Travel time to vaccine providers in health posts appeared to be a barrier to the delivery of infant vaccines in this remote community. However, there appeared to be no differential or modification of this effect by household wealth. We recently reported that geographic access to the major health centre in the study area was an important determinant of both early and late child mortality [9
]. Our analyses now indicate that travel time also effects the implementation of preventative interventions such as infant vaccination.
Our findings were clearly defined for all vaccines, though the effect was strongest for pentavalent vaccine. This may be due to the fact that pentavalent vaccines are only delivered at the static health posts while Measles vaccines are given through supplemental immunisation activities [16
] within the villages and BCG vaccines are given at the time of delivery.
This appears to be the first study that has examined associations between geographical access to health facilities and childhood vaccination coverage throughout infancy in such a remote area of Africa. This also appears to be the first study that reports that Measles vaccination may be less effected by geographic disparities than other vaccines. Studies from Tanzania [19
], Malawi [20
], Nigeria [21
], Kenya [22
] and Papua New Guinea [23
], all indicated that travel time to health facilities was a barrier to receipt of all infant vaccines including Measles [23
]. Studies from more densely populated areas such as Kenya found no association between the coverage of any infant vaccines and travel time to health facilities [24
]. This was thought to be due to the high density of health centres and health posts rather than the effect of supplementary immunisation activities or other Ministry of Health strategies.
Interestingly there was a marked association between vaccination coverage and kebele.
This may be due to differences in quality of services or other barriers such as social constraints or staffing levels in the different kebeles
. However, we did not adjust the results for travel time or other potential confounding factors and further analyses are needed to explore this issue. There was also little variation in vaccination coverage by household wealth, maternal age or education. This is likely to be due to the marked homogeneity in our study population and we reported similar effects in our earlier mortality study [9
There were several limitations to our study. Firstly, we were not able to assess coverage of important vaccines such as Polio due to problems with reporting. Secondly, we were only able to assess effects on vaccination coverage and could not examine effects on health outcomes such as vaccine preventable diseases or hospitalisations due to limited resources. Thirdly, as this was a cross sectional study, travel time was assigned at the point at which the mothers were interviewed and there was no ongoing tracking of migration. Thus there may have been some misclassification of travel time status. Fourthly, the timeliness of the vaccination was not evaluated in this study as mothers recall was considered to be too poor. Finally, we may have overestimated the percentage of vaccinated children as we only included surviving children in our study and we might have missed unvaccinated children who had died [27
]. In addition, our coverage data were calculated using children aged 12–59
months and are likely to be higher than other studies and the DHS which use younger children aged 12–23
]. Five to seventeen percents of vaccine data was also unknown or missing in our study, however, any differential misclassification of vaccination status would have tended to underestimate rather than overestimate effect sizes. Also, important strengths of our study were our careful collection of health facility data on vaccination and our reporting of potential confounders such as maternal education and household wealth. We also used a three-level-level random effects model to account adequately for clustering by mother, village and kebele. We also used a validated access measure [30
] (travel time) from each household to the health posts which accounted for the influence of topography and other natural barriers.
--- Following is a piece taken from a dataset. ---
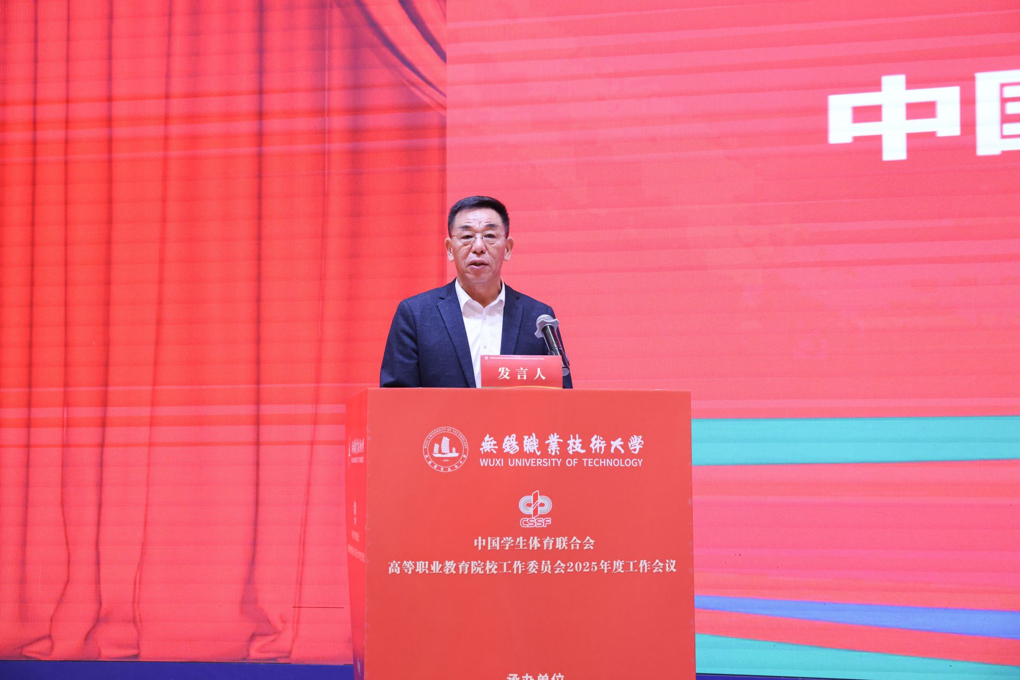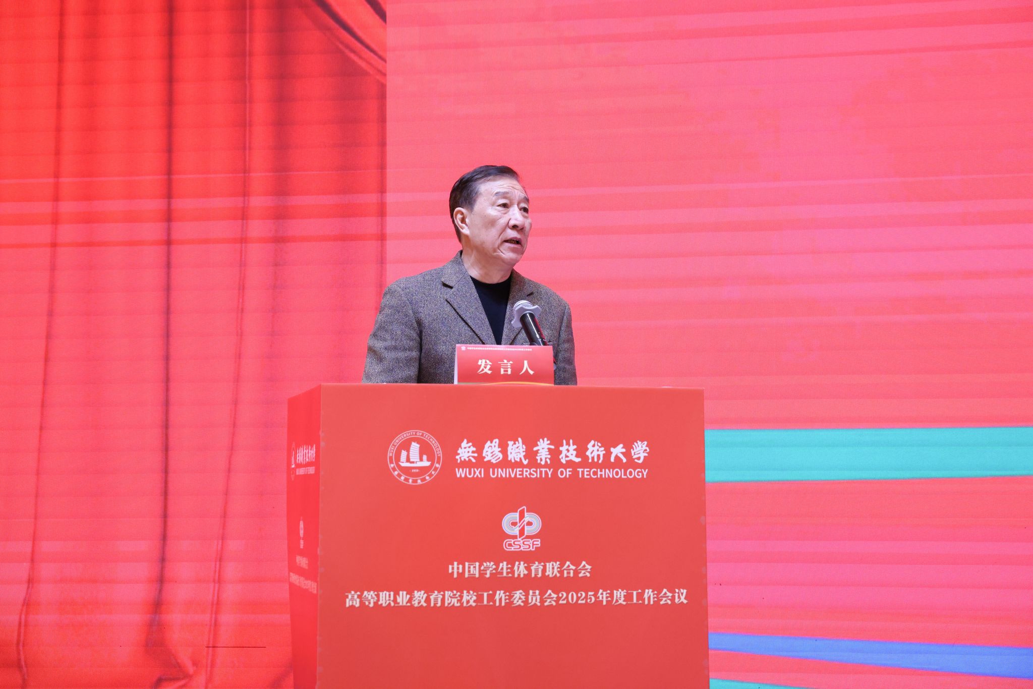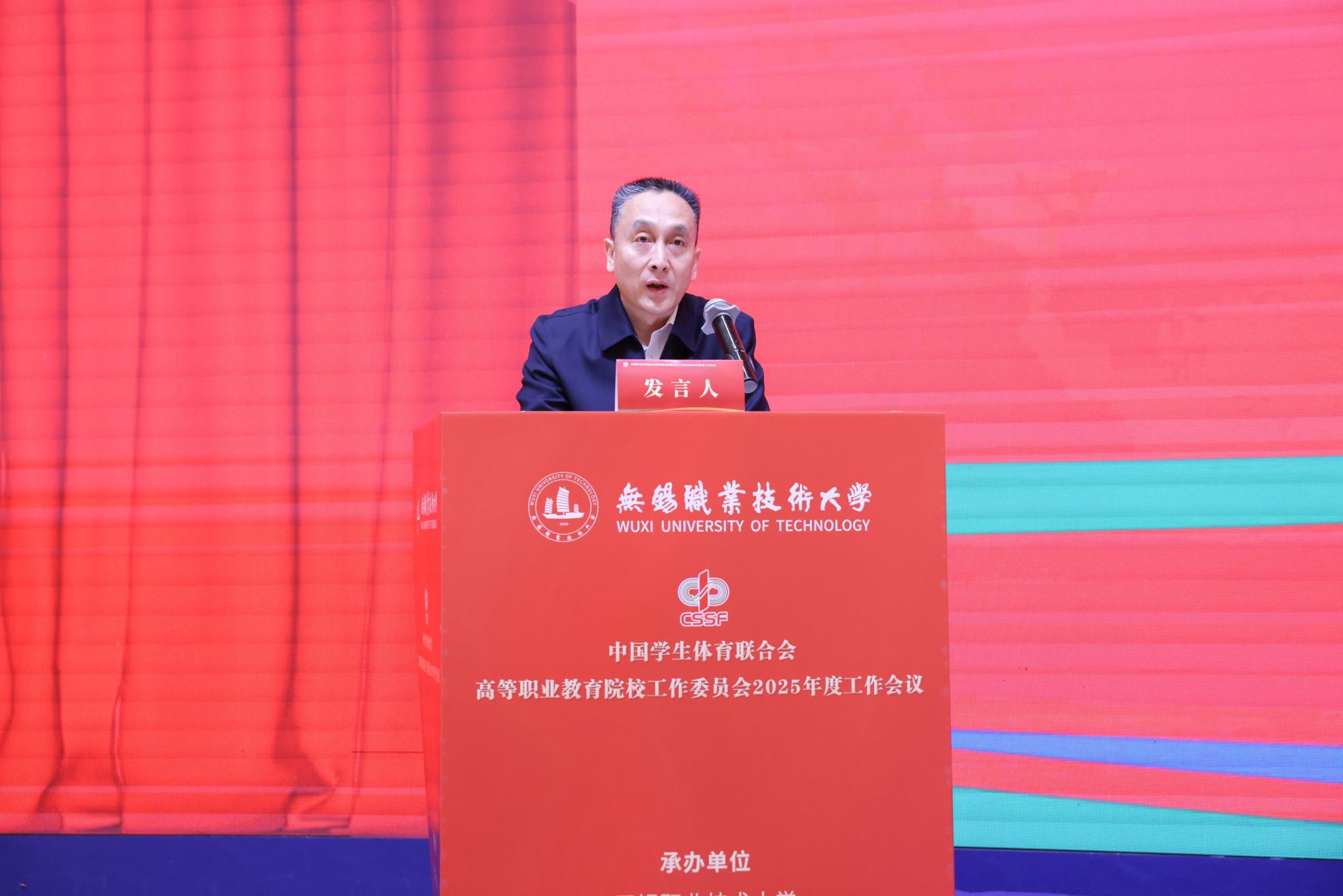 1月7日至8日,中国学生体育联合会高等职业教育院校工作委员会2025年度工作会在江苏无锡举行。本次会议由我校承办,北京工业职业技术学院、南京信息职业技术学院协办。来自全国29个省(自治区、直辖市)311所会员单位的校领导、体育院(系)负责人及骨干教师等近500名代表参加会议。开幕式由校党委委员、副校长储开峰主持。

Our study has important implications for policy and program development. Vaccination coverage can be improved in remote areas by improving access and reducing travel time to health facilities. Supplementary immunisation activities may also be contributing to improvements in measles immunisation coverage in later infancy and reduction in inequalities. Where appropriate, outreach programs and supplemental immunisation activities should be considered for raising coverage in remote areas. In addition, new vaccine delivery strategies are needed for the hardest to reach children in Ethiopia and other parts of sub-Saharan Africa.